Question

What is the nth derivative of `f(x) = x e^(2x)`?

Answer 1

We can write the derivative of this function in a ricorsive way.
Ricorsive way means that also in the definition there is the concept of derivate!
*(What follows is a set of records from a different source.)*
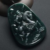 巧雕蓝水忠义关公 翡翠吊坠 尺寸:76-50-5毫米
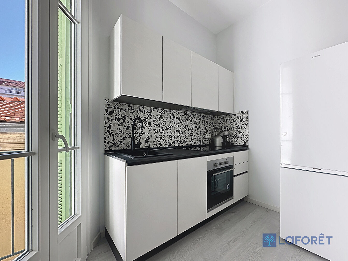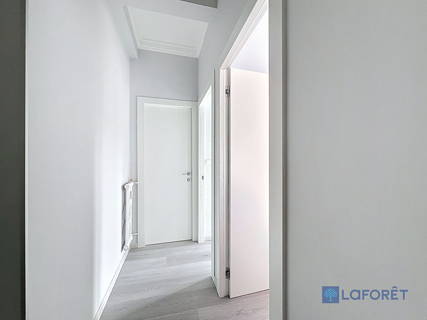 Entièrement rénové avec sobriété et goût, l'appartement propose des prestations de qualité et est prêt à être investi. Il se compose d'une entrée desservant trois pièces aux volumes équivalents, toutes prolongées par un espace extérieur, d'une cuisine fonctionnelle entièrement équipée avec balconnet, ainsi que de WC séparés et un placard à balais.
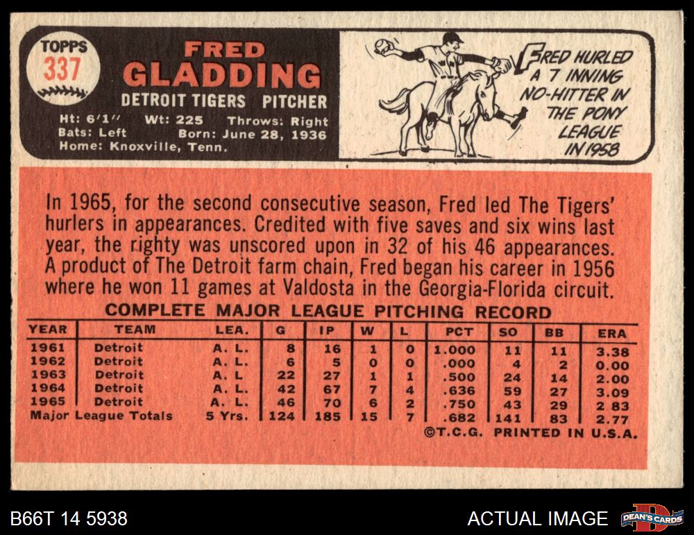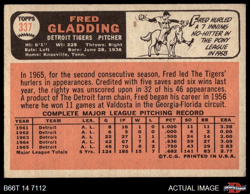 1966 Topps #337 Fred Gladding 4 - VG/EX

`y^((1))=1*e^(2x)+x*e^(2x)*2=e^(2x)+2xe^(2x)=e^(2x)+2y`

`y^((2))=2e^(2x)+2y^((1))`

`y^((3))=2^2e^(2x)+2y^((2))`

...

`y^((n))=2^(n-1)e^(2x)+2y^((n-1))`.

I hope it is the answer you wanted!

Answer 2

Thank you for providing a fun question to work on!

`f(x) = xe^(2x)`
`f'(x) = e^(2x) + 2xe^(2x) = e^(2x)(2x+1)`
`f''(x) = 2e^(2x)(2x+1) +e^(2x)*2 = 2e^(2x)(2x+2)`
`f'''(x) = 4e^(2x)(2x+2) + 2e^(2x)*2 = 4e^(2x)(2x+3)`

`f^((4))(x) = 8e^(2x)(2x+3) + 8e^(2x) = 8e^(2x)(2x+4)`

Looks like

`f^((n))(x) = 2^(n-1)e^(2x)(2x+n)`

It should be straightforward to prove by induction on `n`.